LA CORTE SUPREMA DI CASSAZIONE

SEZIONE SESTA CIVILE

SOTTOSEZIONE T

Composta dagli Ill.mi Sigg.ri Magistrati:

Dott. IACOBELLIS Marcello – Presidente –

Dott. DE MASI Oronzo – Consigliere –

Dott. IOFRIDA Giulia – Consigliere –

Dott. CRUCITTI Roberta – Consigliere –

Dott. CONTI Roberto Giovanni – rel. Consigliere –

ha pronunciato la seguente:

ORDINANZA

sul ricorso 25521-2012 proposto da:

AGENZIA DELLE ENTRATE, (OMISSIS), in persona del Direttore pro

tempore, elettivamente domiciliata in ROMA, VIA DEI PORTOGHESI 12,

presso l’AVVOCATURA GENERALE DELLO STATO, che la rappresenta e

difende, ope – legis;

– ricorrente –

nonchè contro

D.M.M.;

– intimato –

avverso la sentenza n. 96/08/2011 della COMMISSIONE TRIBUTARIA

REGIONALE di TRIESTE, depositata il 20/09/2011;

udita la relazione della causa svolta nella camera di consiglio del

21/07/2016 dal Consigliere Relatore Dott. CONTI ROBERTO GIOVANNI.

Fatto

IN FATTO E IN DIRITTO

D.M.M., esercente la professione di rappresentante di commercio, impugnava dinanzi alla CTP di Gorizia il silenzio – rifiuto con cui l’Agenzia aveva rigettato l’istanza di rimborso dell’IRAP versata per gli anni dal (OMISSIS). La CTP rigettava il ricorso ma la CTR, riformando la sentenza di primo grado, riteneva che il contribuente non fosse soggetto IRAP, avendo dimostrato di svolgere la propria attività senza personale dipendente nè collaboratori esterni e con l’ausilio di limitati mezzi istruttori.

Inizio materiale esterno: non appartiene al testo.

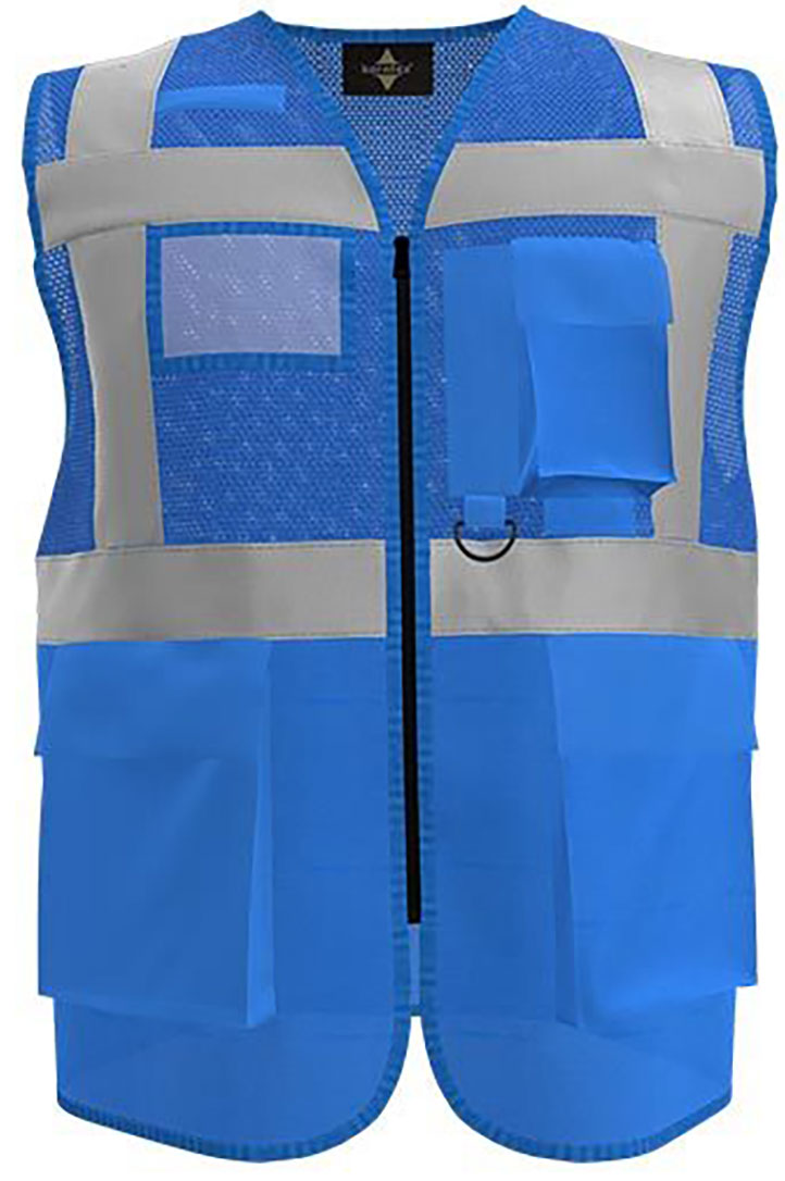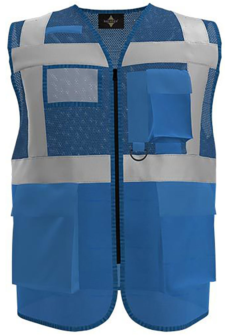 Multifunktionsweste Material: 100% Polyester Ausweistasche, Smartphone-Tasche, Stiftehalter, Schlüsselring, zwei Taschen mit Klettverschluss-Klappen, durchgehender Reissverschluss vorne, vier 5cm breite Reflexstreifen, gelb, orange, gelb/orange und gelb/blau entsprechen der EN ISO 20471:2013 (alle anderen Farben nicht) Grössen: S – 5XL  /  signal orange, signal yellow und yellow/ orange auch in 6XL und 7XL

L’Ufficio ha proposto ricorso per Cassazione affidato a due motivi. Il contribuente non ha depositato difese scritte.

Con il primo motivo di ricorso, si deduce la violazione e falsa applicazione del D.Lgs. n. 446 del 1997, artt. 2 e 3, degli artt. 51 e 55 (ante riforma 2004) e dell’art. 2195 c.c., in relazione all’art. 360 c.p.c., n. 3. La CTR avrebbe erroneamente escluso l’esistenza di autonoma organizzazione nonostante il contribuente si avvalesse dell’ausilio del coniuge quale collaboratore familiare.

Con il secondo motivo, l’Ufficio deduce il vizio di insufficiente e contraddittoria motivazione circa fatti controversi e decisivi per il giudizio, in relazione all’art. 360 c.p.c., n. 5. La motivazione della sentenza impugnata era insufficiente, avendo omesso di esaminare il fatto della collaborazione, da parte del contribuente, del coniuge nello svolgimento della propria attività e, sotto altro profilo, era altresì contraddittoria avendo la CTR, nella prima parte della sentenza, constatato pacificamente la presenza di un collaboratore familiare e, in conclusione, affermato che l’attività di rappresentante di commercio venisse svolta “senza personale dipendente”.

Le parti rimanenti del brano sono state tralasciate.